Robert Angel and his wife Lulu conducted a partnership business known as Lou’s Confectionery on North 20th Street *809 in St. Louis. At about 11:55 p. m. on March 21,1961, two men entered the confectionery and robbed them of approximately $590 in money. The robbers threatened the Angels telling them that it was a stickup and they would not get hurt if they did not move. One of the men kept one of his hands in the pocket of his jacket as though he had a gun, and the other took a butcher knife away from Mrs. Angel and held it in his hand while the robbery was in progress.

The police were notified and within thirty minutes after the robbery the defendant Weindorf was arrested about six blocks from the confectionery.
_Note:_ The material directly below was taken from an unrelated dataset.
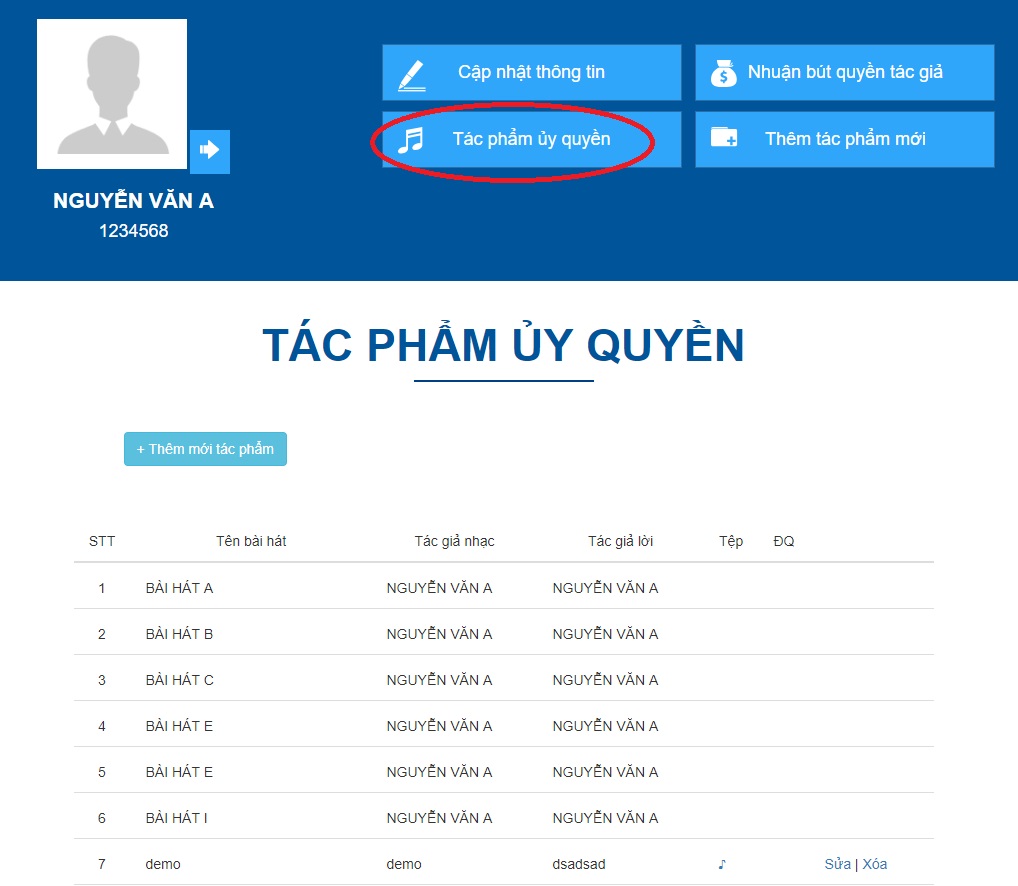 - Danh sách tác phẩm đăng ký sử dụng theo mẫu

At that time and at the trial he was identified by the Angels as one of the robbers. The other robber, William Erdelen, was also arrested and identified but was not tried jointly with this defendant. The defendant was represented throughout the trial and subsequent proceedings in the circuit court by court appointed counsel.

The motion for new trial asserts that § 556.280 violates § 23 of Art. Ill of the Constitution in that it embodies more than one subject and contains subjects which are not clearly expressed in its title. Insofar as pertinent here, § 23 of Art. Ill, provides that: “No bill shall contain more than one subject which shall be clearly expressed in its title, * * Section 556.280 provides in substance that any person previously convicted of a felony upon being tried and convicted of a subsequent offense shall receive such punishment as the trial judge determines within the limits provided by law for the subsequent offense. The title of Senate Bill 117 of the 70th General Assembly, which is § 556.280, reads as follows: “An Act to repeal section 556.280, RSMo 1949, relating to second and subsequent offenses, and to enact in lieu thereof a new section relating to the same subject and to the trial and punishment of persons convicted of crime following one or more convictions, to be known as section 556.280.”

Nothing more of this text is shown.